**EXERCISE DESCRIPTION**: Transcribe every line of the material below exactly, leaving out the pictures.

**PROVIDED DATA**:
--- START ---
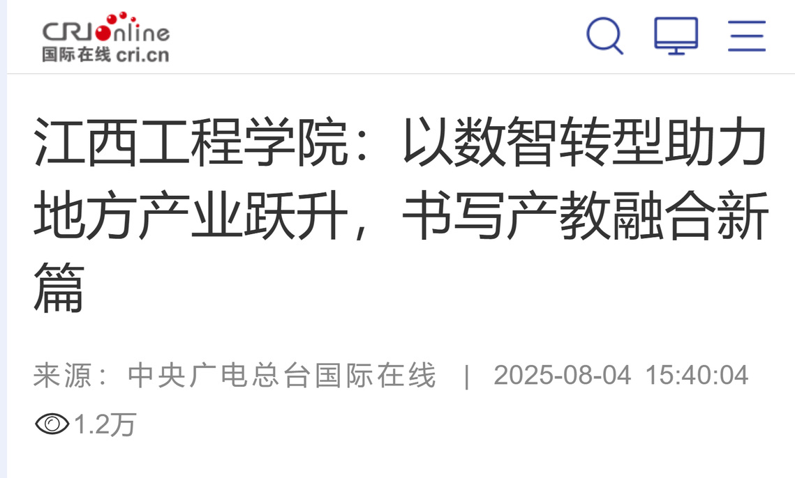 【國際在線】江西工程學院:以數(shù)智轉(zhuǎn)型助力地方產(chǎn)業(yè)躍升,書寫產(chǎn)教融合新篇
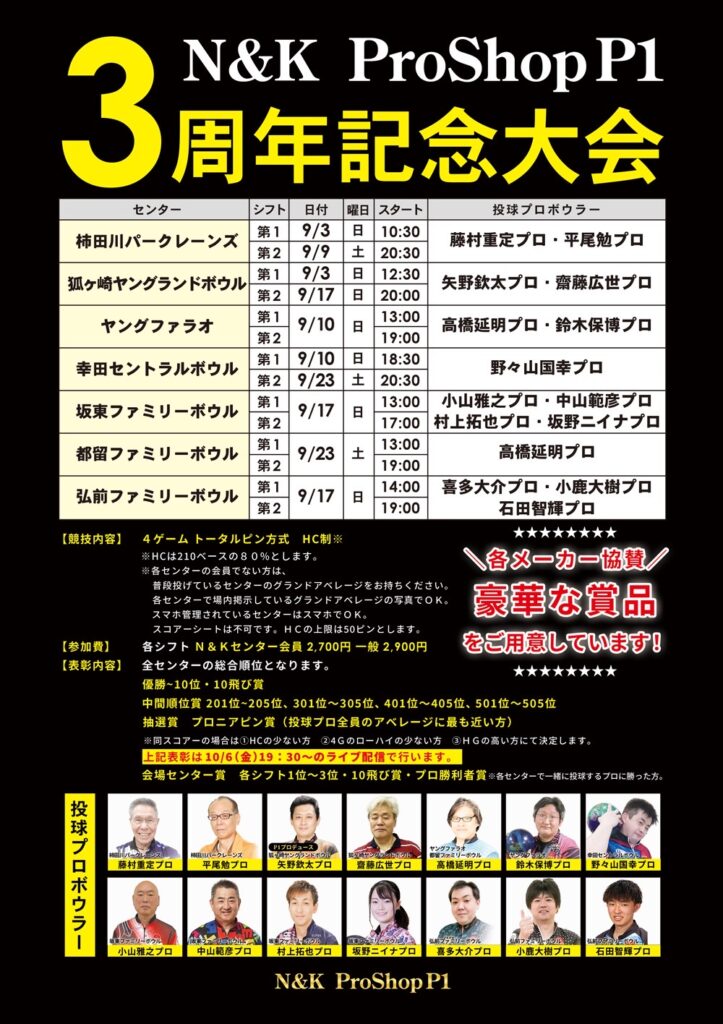 ちなみに各店、所属プロが一緒に投球し、プロ勝利者賞をご用意しておりますが…
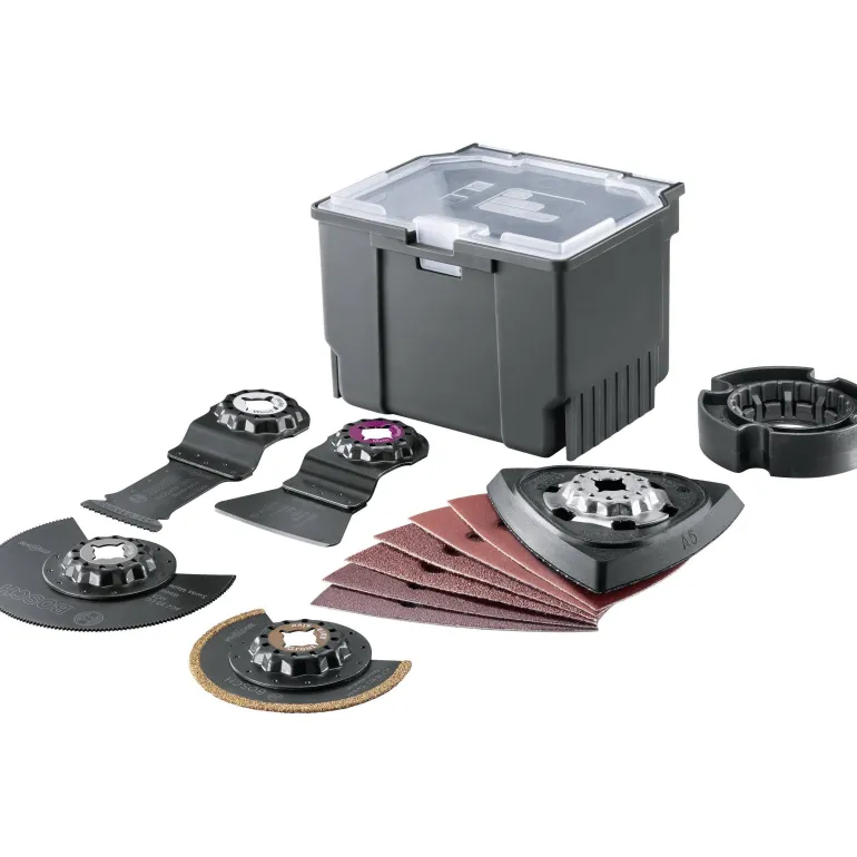 Bosch 2609256F49 on 12-osainen sahanteräsarja Starlock-monitoimityökaluihin. Sarja sisältää sahanteriä puun, lakka- ja maalipintojen, tiilen, marmorin, muovi-, metalli- ja alumiiniprofiilien työstöön.
--- END ---
**SOLVED PROBLEM**:
 【國際在線】江西工程學院:以數(shù)智轉(zhuǎn)型助力地方產(chǎn)業(yè)躍升,書寫產(chǎn)教融合新篇
 ちなみに各店、所属プロが一緒に投球し、プロ勝利者賞をご用意しておりますが…
 Bosch 2609256F49 on 12-osainen sahanteräsarja Starlock-monitoimityökaluihin. Sarja sisältää sahanteriä puun, lakka- ja maalipintojen, tiilen, marmorin, muovi-, metalli- ja alumiiniprofiilien työstöön.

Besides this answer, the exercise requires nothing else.